The most common side effect is barotrauma to the ears or sinuses, essentially pressure-related pain from an inability to equalize properly. This is usually mild but can occasionally damage the eardrum. Oxygen toxicity is a rarer concern that can show up as seizures during treatment or, over many sessions, as lung irritation. People with insulin-dependent diabetes need monitoring because HBOT can cause blood sugar drops during treatment.

Vision changes are another temporary side effect. Some people develop mild nearsightedness over the course of a treatment series, which typically reverses within weeks to months after stopping therapy.

Off-Label and Unproven Uses

Beyond the approved indications, HBOT is marketed for a wide range of conditions: traumatic brain injury, autism, chronic fatigue, athletic recovery, anti-aging, and cognitive enhancement. The telomere and senescent cell research mentioned earlier has fueled particular interest in longevity applications.
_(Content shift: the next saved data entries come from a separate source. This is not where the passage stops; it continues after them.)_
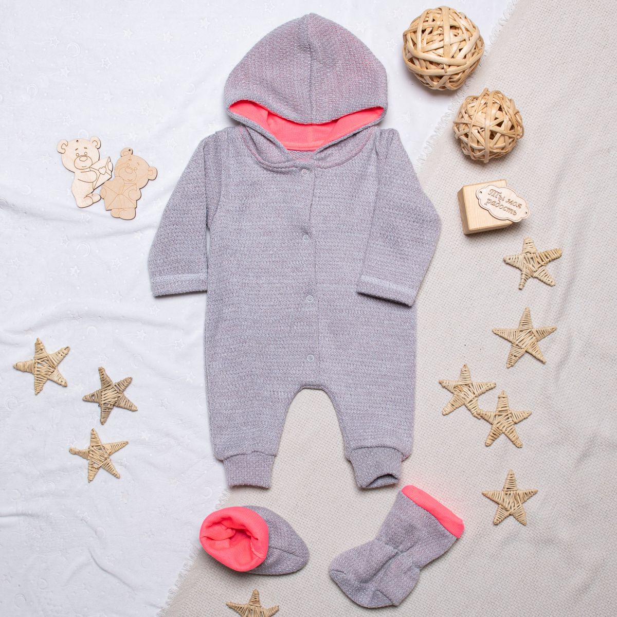 Ткань мягкая вязка с отделкой капюшона и пинеток тканью кашкорсе (розовый, оранжевый)
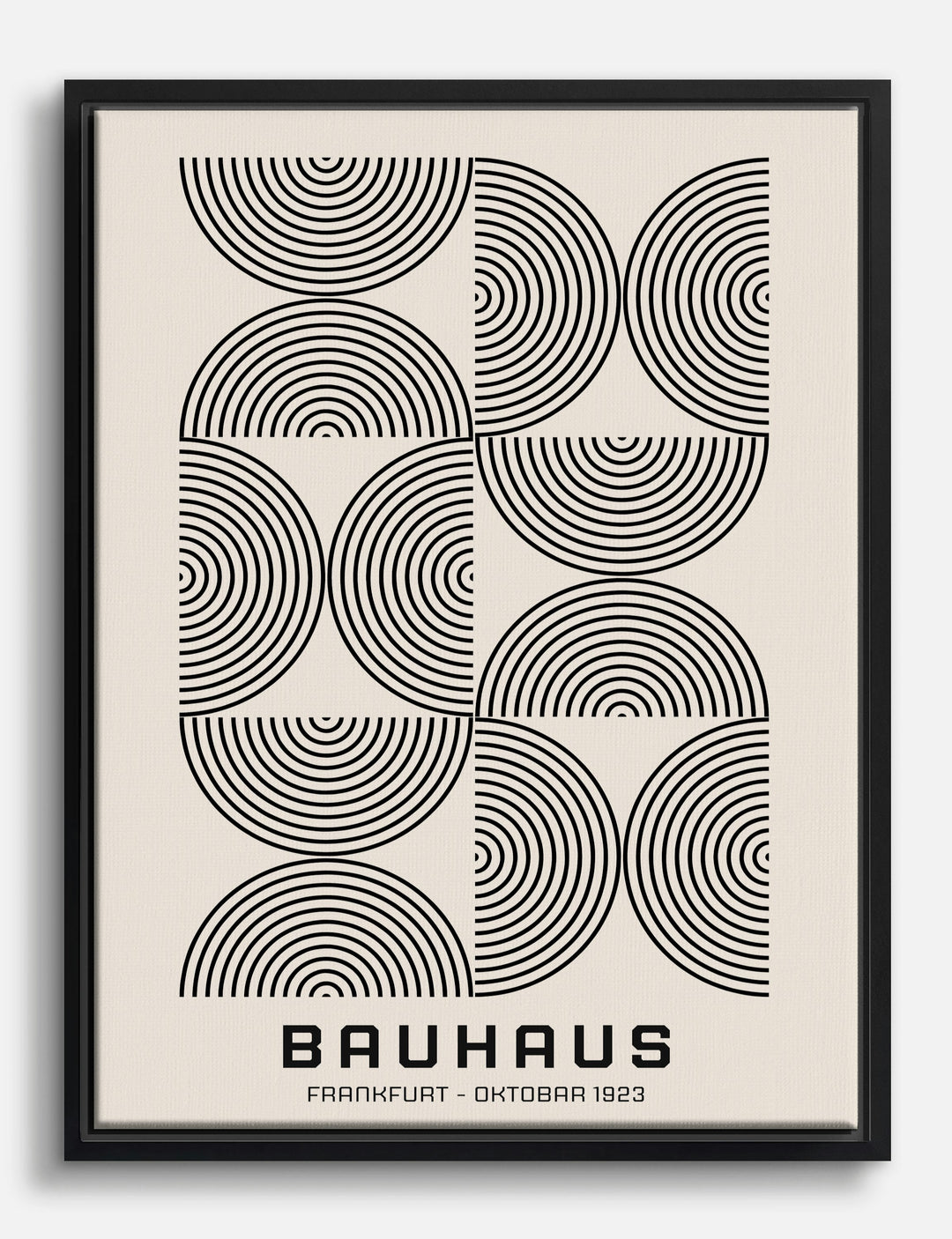 Bold lines, clean curves, endless possibilities—this piece channels the iconic spirit of Bauhaus right into your space. With its hypnotic, black concentric circles and half-moon forms, it instantly energizes any wall and invites a sense of order and creativity.
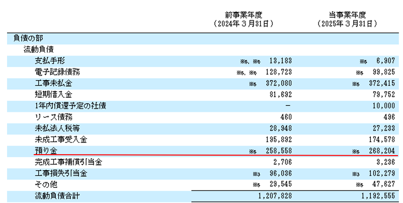 この内訳表は、財務諸表の「貸借対照表」(決算期末に存在する残高を表示したもの)から計算しますから、その貸借対照表に「関係会社短期借入金」や「関係会社短期貸付金」の表示がない場合には計算されず「子会社などの関係会社との資金のやり取りはない」と判断されます。しかし、大成建設の「貸借対照表」には「預り金」が2,682億円も多額に計上されています。そしてその預り金についての注記事項をみると、「関係会社に関する預り金」が2024年で1,110億円、2025年1,188億円となってました。つまり、預り金という科目の中に子会社などの関係会社との取引があったわけです。このことが、紫色のグラフ「お付き合いで獲得したお金」が青色のグラフ「事業の儲けで獲得したお金」より上位にある大きな原因となっています。
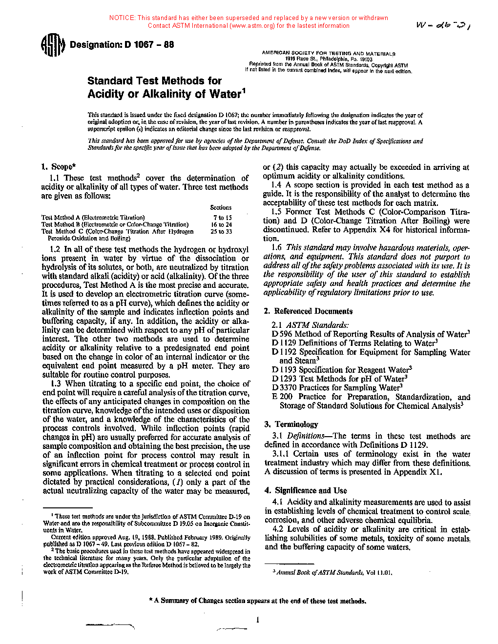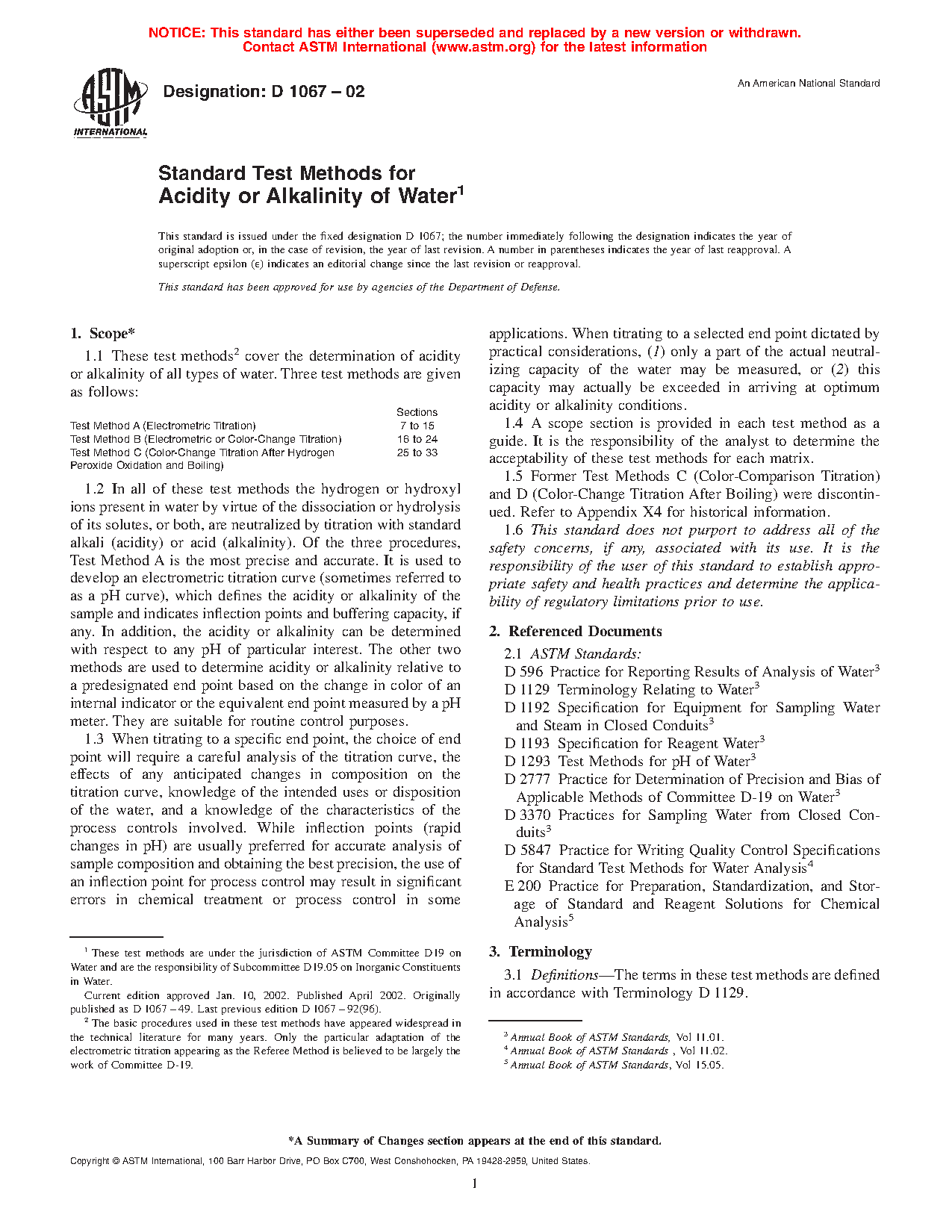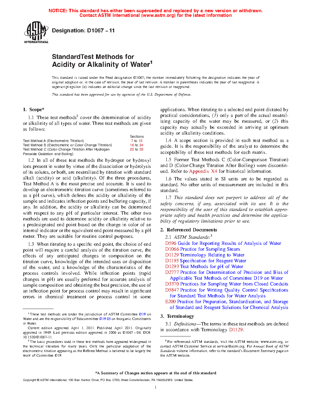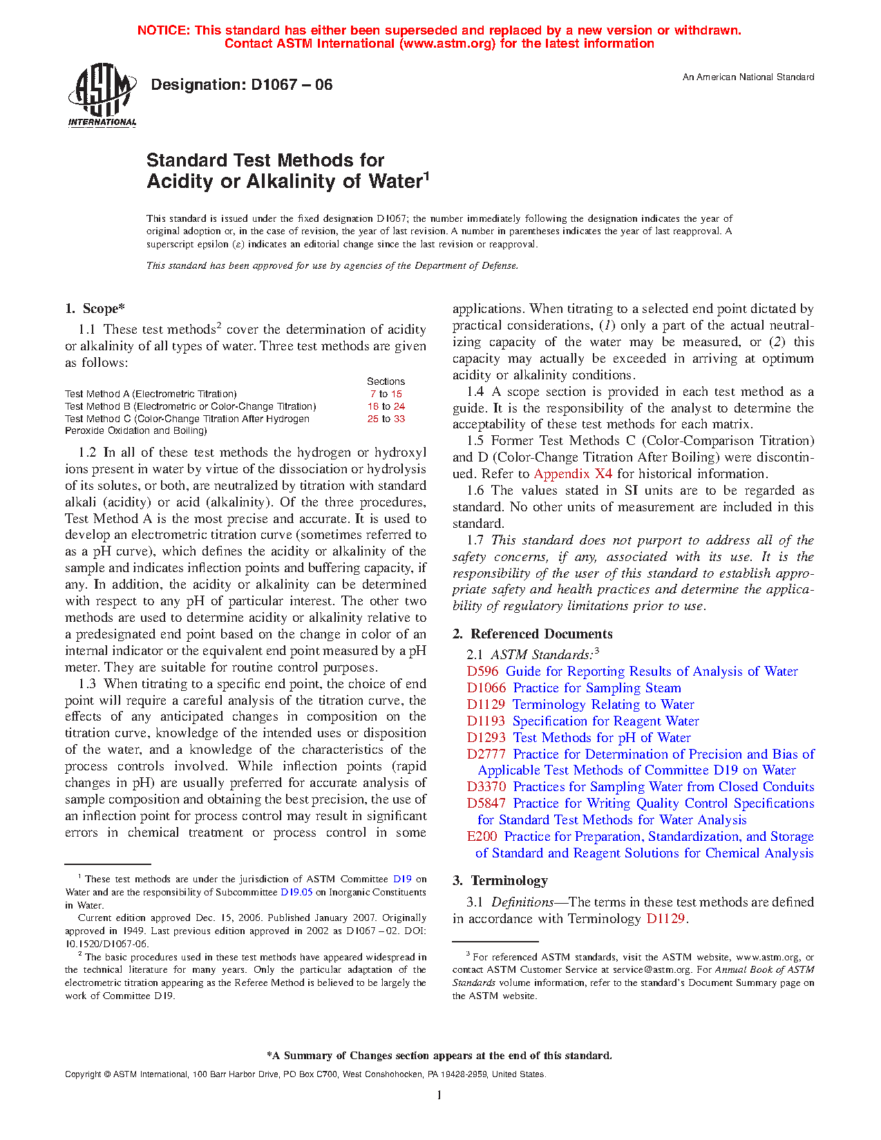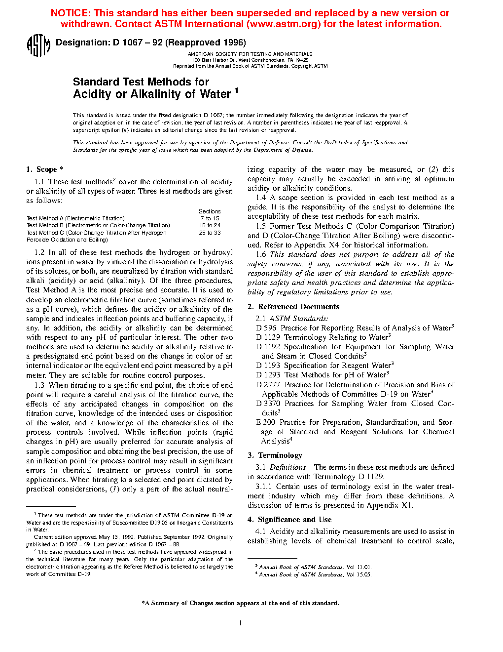 1.5 Former Test Methods C (Color-Comparison Titration) and D (Color-Change Titration After Boiling) were discontinued. Refer to Appendix X4 for historical information.
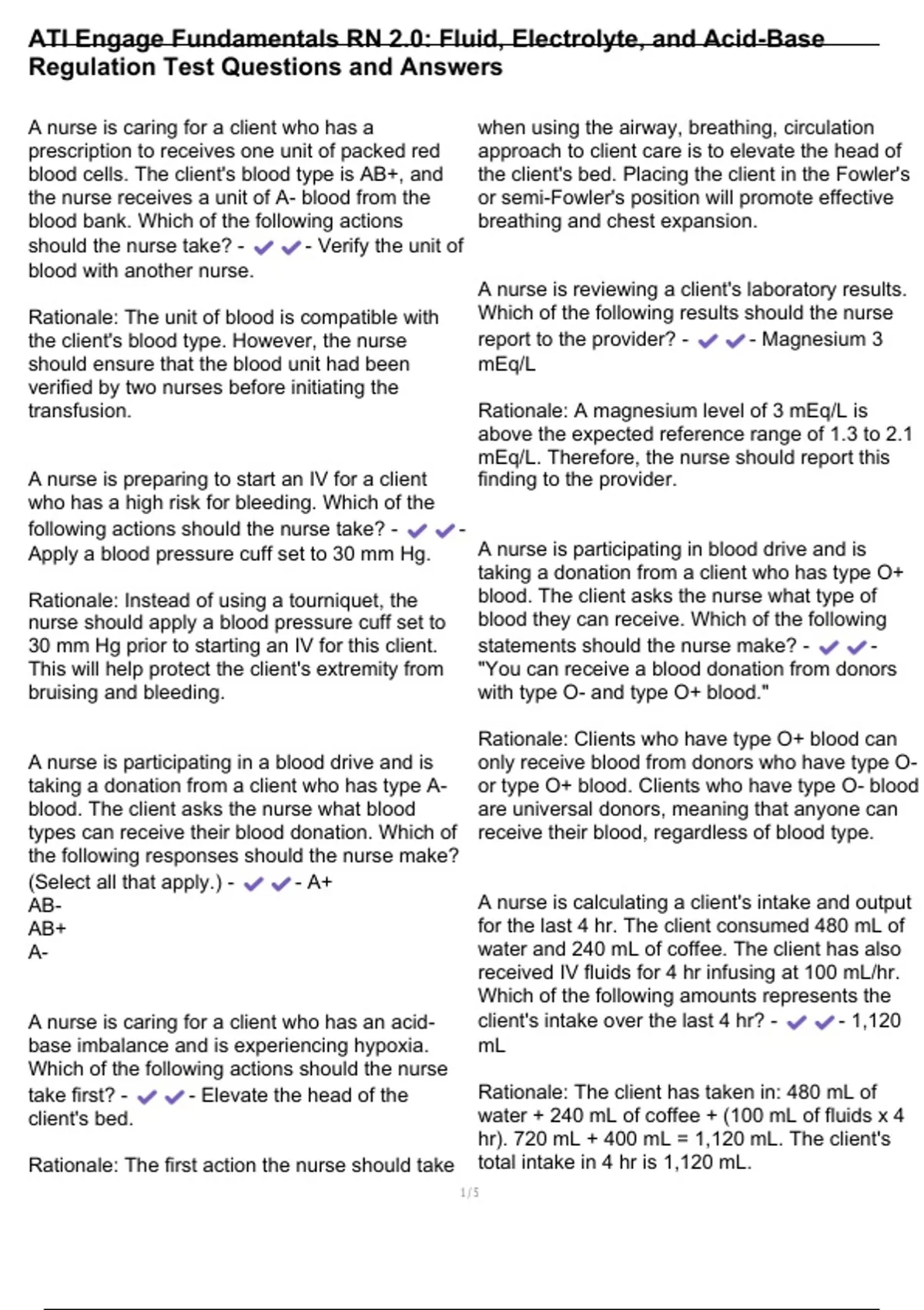 ATI Engage Fundamentals RN 2.0: Fluid, Electrolyte, and Acid-Base Regulation Test Questions and Answers
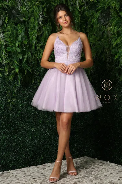 T870 Fitted Short Applique Slit Cocktail Dress In Purple
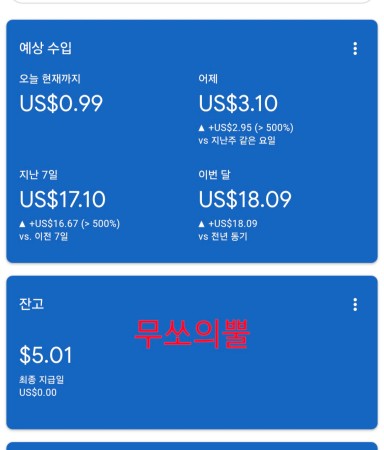 [무쏘의뿔] 4.19 애드센스 수익 인증
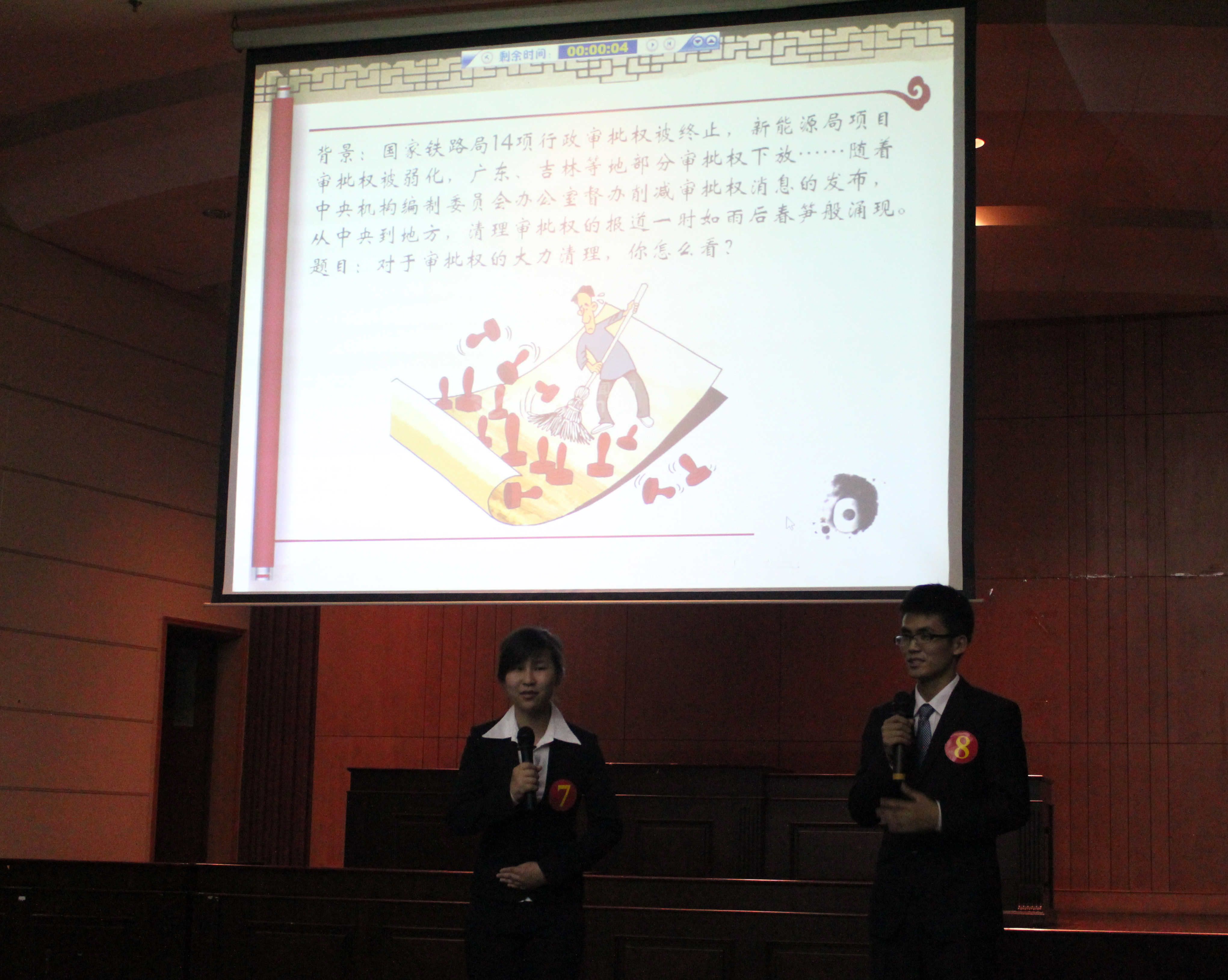 第二个环节名为“融我妙思”之情景模拟,所有选手两两组合,对大屏幕上演示的漫画以新颖独特的形式作出各自的解读。漫画材料多选用“莫言故居受热捧”、“城管暴力执法”等时政热点问题。而在有限的一分钟思考时间内,准确理解题意并组织好语言,做到完整、有见地地表达自己的观点,便要求选手密切关注时事热点问题。另外,此环节还着重考察每组的两位选手合理分工协作的能力。比赛进行到中场时,武汉市委组织部部长郑卫星先生对选手们的表现进行了点评。评委对于选手们在这一环节中采取的新闻广播、采访等一些新颖的形式给予了肯定,同时也指出选手们在看待问题时的深度和层次鲜明度还有所欠缺。而对每一位选手分别细致的点评,使得参赛选手对自己的表现有了更加客观的认识,这对选手们接下来的表现是大有裨益的。然而比赛进行至第二个环节,只有前六名成功晋级到下一环节之中。我院参赛选手遗憾地与晋级机会失之交臂,但最年轻的7号选手、我院职侦1201班的刘欣培同学的表现也体现了我院学子的不凡风采。

While some of these areas have promising preliminary data, none have the level of evidence that the approved conditions do, and insurance will not cover them.

Out-of-pocket costs for HBOT vary widely, from around $100 to $300 per session at independent clinics, with a full course of 40 sessions potentially running $4,000 to $12,000. If you’re pursuing treatment for an off-label condition, that entire cost is yours. For approved conditions, Medicare and most private insurers cover the therapy, though you’ll still need a referral and documentation showing you meet the specific criteria for your diagnosis.